Vers une disparation de l’entreprise "as we know it" ?
Et qui sait, poussée dans ses derniers retranchements, cette évolution du secteur numérique - et de tous les autres secteurs, par rebond -, pourrait conduire à une disparition de l’entreprise telle qu’on la connaît. Cette structure unique, centralisée, dans laquelle des employés identifiés travaillent à l’exécution de processus prédéfinis pourrait être remplacée par une organisation complètement modulaire.

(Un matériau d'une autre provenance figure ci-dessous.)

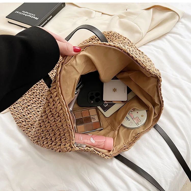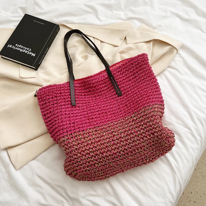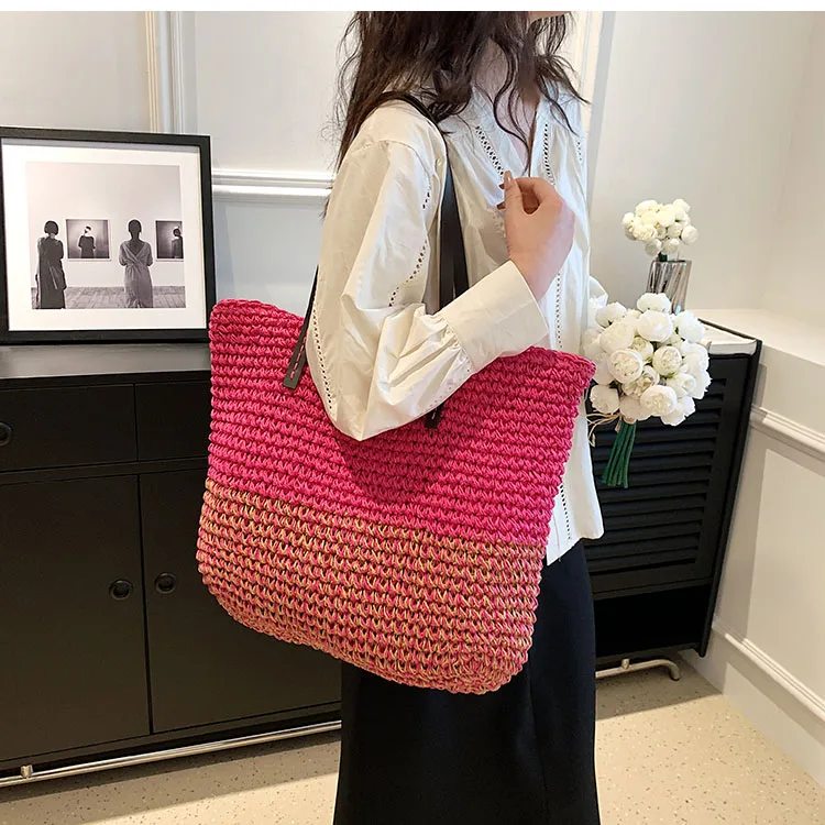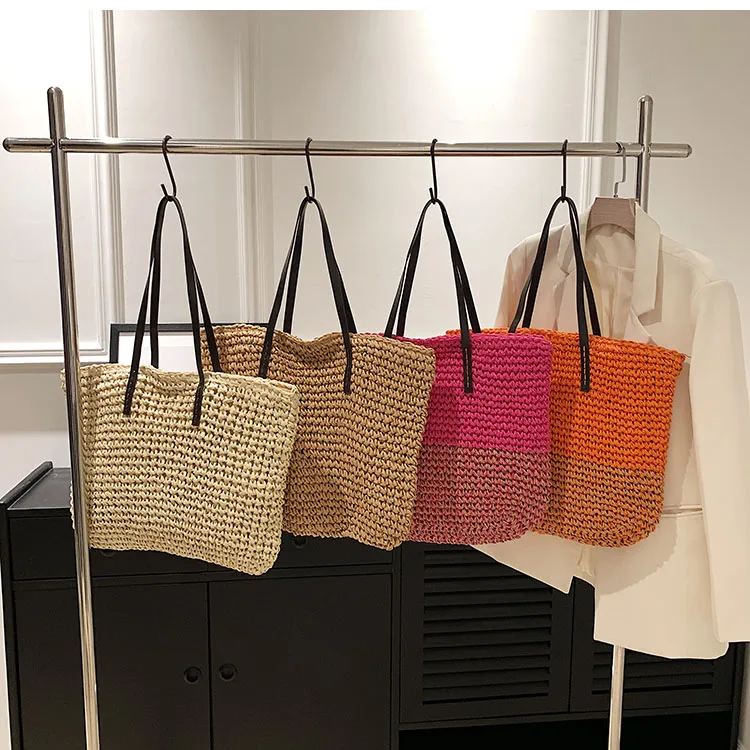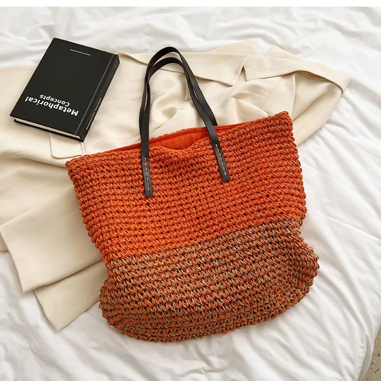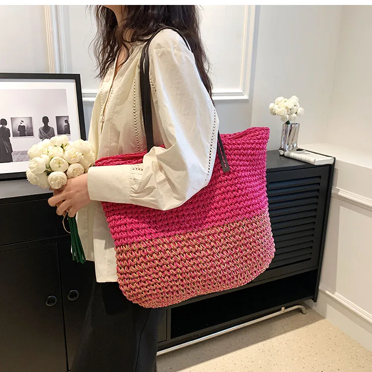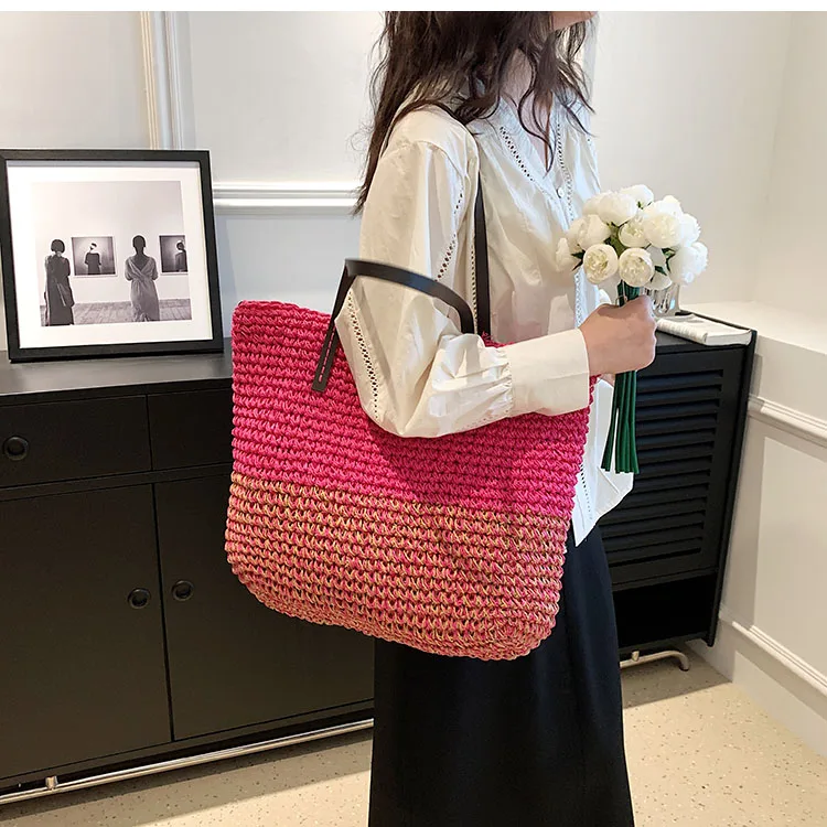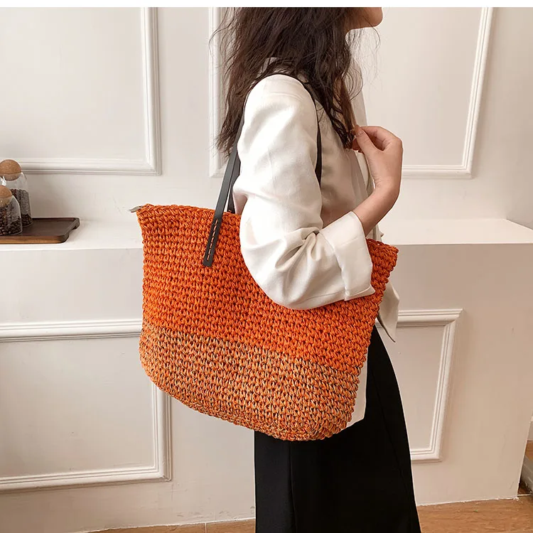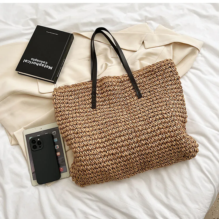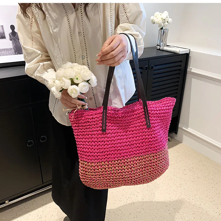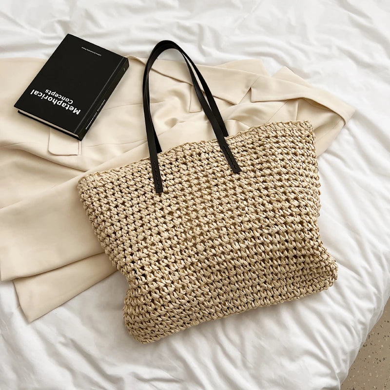 Kylethomasw - Summer Straw Bag Women Large Capacity Handle Bag Handmade Woven Handbag Bohemia Vacation Rattan Beach Bag Shopping bag tote bag
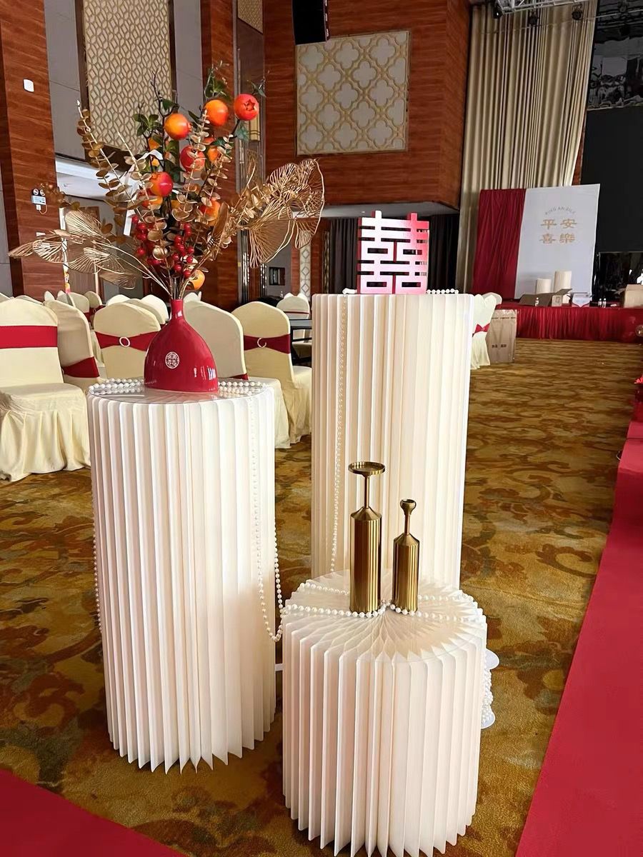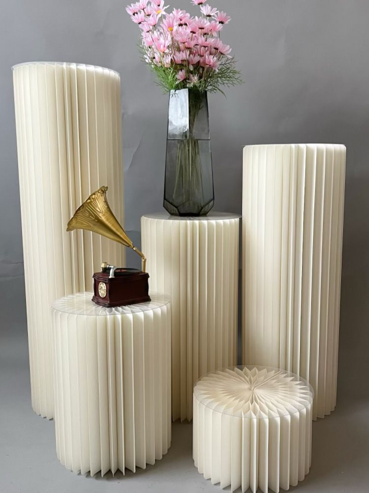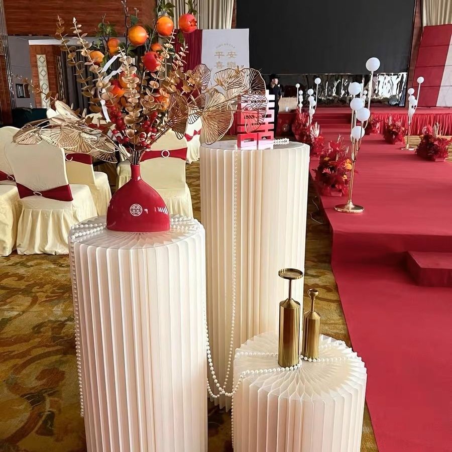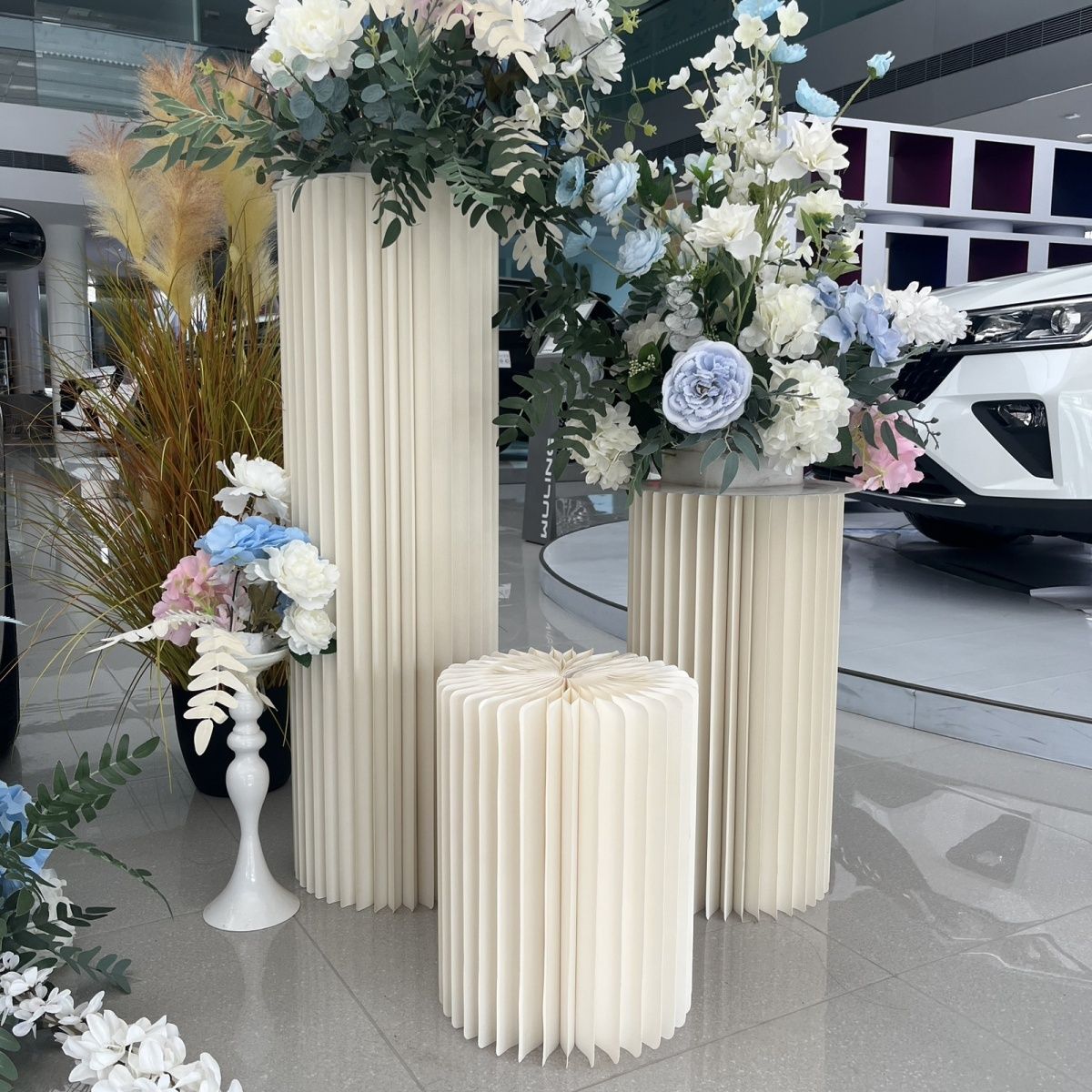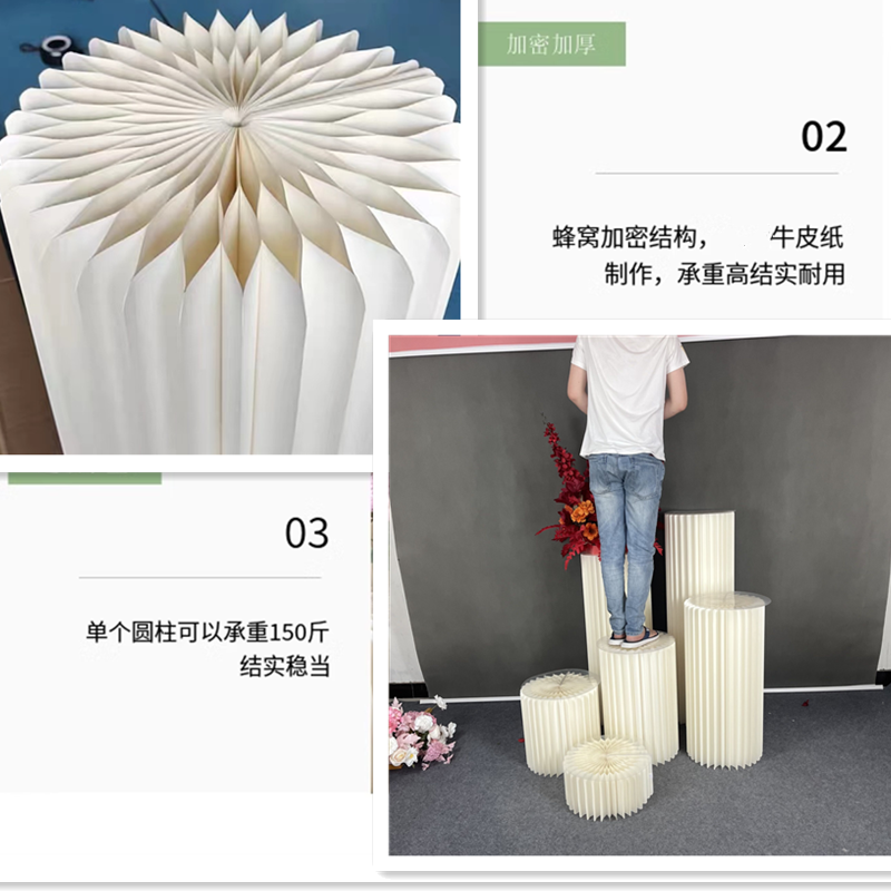 新款婚庆橱窗生日折纸路引折叠圆柱甜品台罗马柱节日派对装饰道具

Comme un puzzle géant avec au cœur, un noyau de décideurs et peut-être de chercheurs ou de designers, qui feraient uniquement appel aux communautés ou à des indépendants "mechanical turks". Les pièces du puzzle.
Toutes ces questions - et bien d’autres encore, comme la mesure du travail ou les nouveaux métiers - ont conduit la Fing à consacrer l’édition 2014 de sa manifestation les 21 et 22 octobre à Marseille à la transformation du travail. Comme à son habitude, l’événement sera l’occasion de sessions de travail collectives mais aussi de témoignages d’experts, d’observateurs, d’acteurs de cette transformation comme les membres de la Fing qui étudient entre autres depuis début 2013 la façon de "repenser le travail dans une économie digitale".
On pourra aussi y écouter Antonio Casilli, sociologue maître de conférences en digital humanities à Telecom Paristech et auteur des "liaisons numériques"; Henry Stewart, patron fondateur de l’entreprise de formation informatique britannique Happy fondée sur le bonheur de ses employés; Ben Waber, chercheur fondateur de Sociometric Solutions qui analyse les dynamiques des organisations à l’aide des capteurs physiques et de logiciels ou encore Stefana Broadbent, anthropologue numérique spécialiste de l’intelligence collective, qui réfléchit à la façon dont numérique et réseaux sociaux réunifient les trajectoires professionnelles.
Ces échanges devraient, sinon répondre à toutes les questions sur la transformation du travail à l’heure digitale, mais du moins éclairer celles-ci.